凌云清站在殿中,安安静静地等何丞相磕完了头,才转过身看着他。
“何丞相,我母妃已经自缢,但是我也是父皇的儿子,你的意思是说,身为父皇的皇子,没资格做储君?”
他从袖子里抽出一叠纸,抬手在何丞相面前扬了扬。
“我们在临蒙县赈灾的时候,你的门生,隔壁的两个县的县令试图阻挠我们运输粮食救灾,他们亲口招供说人是你安排的,此事你如何解释?”
看到这些,何丞相的脸色一下子就变了。
“父皇,儿臣还查到皇后曾经也想加害舒妃娘娘,所用的药材也是从何家的药铺走的。
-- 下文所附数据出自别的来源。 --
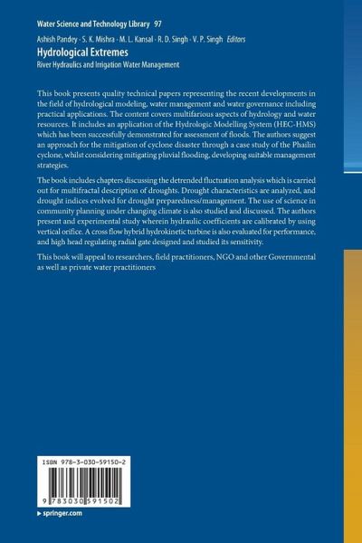 The book includes chapters discussing the detrended fluctuation analysis which is carried out for multifractal description of droughts. Drought characteristics are analyzed, and drought indices evolved for drought preparedness/management. The use of science in community planning under changing climate is also studied and discussed. The authors present and experimental study wherein hydraulic coefficients are calibrated by using vertical orifice. A cross flow hybrid hydrokinetic turbine is also evaluated for performance, and high head regulating radial gate designed and studied its sensitivity.

何丞相养了二十个暗人藏在将军岭,之前暗杀导致二皇兄受伤残疾的也是他们干的。这些供词全都在这里。”
他把那叠纸递给太监,太监恭恭敬敬的把证据呈给皇帝。
皇帝看完以后脸色很是难看:“何丞相,好得很。”
满殿无人敢出声。
何丞相跪在地上,脸上的血色褪得一干二净。
“皇上啊,老臣冤枉啊!”
凌云清转身面向皇帝。
“父皇,儿臣既为储君,必要为父皇分忧解难,何丞相伙同皇后毒害舒妃娘娘,又派人谋害皇子,阻挠我们救灾救人,罪无可恕,请父皇治何丞相的罪。”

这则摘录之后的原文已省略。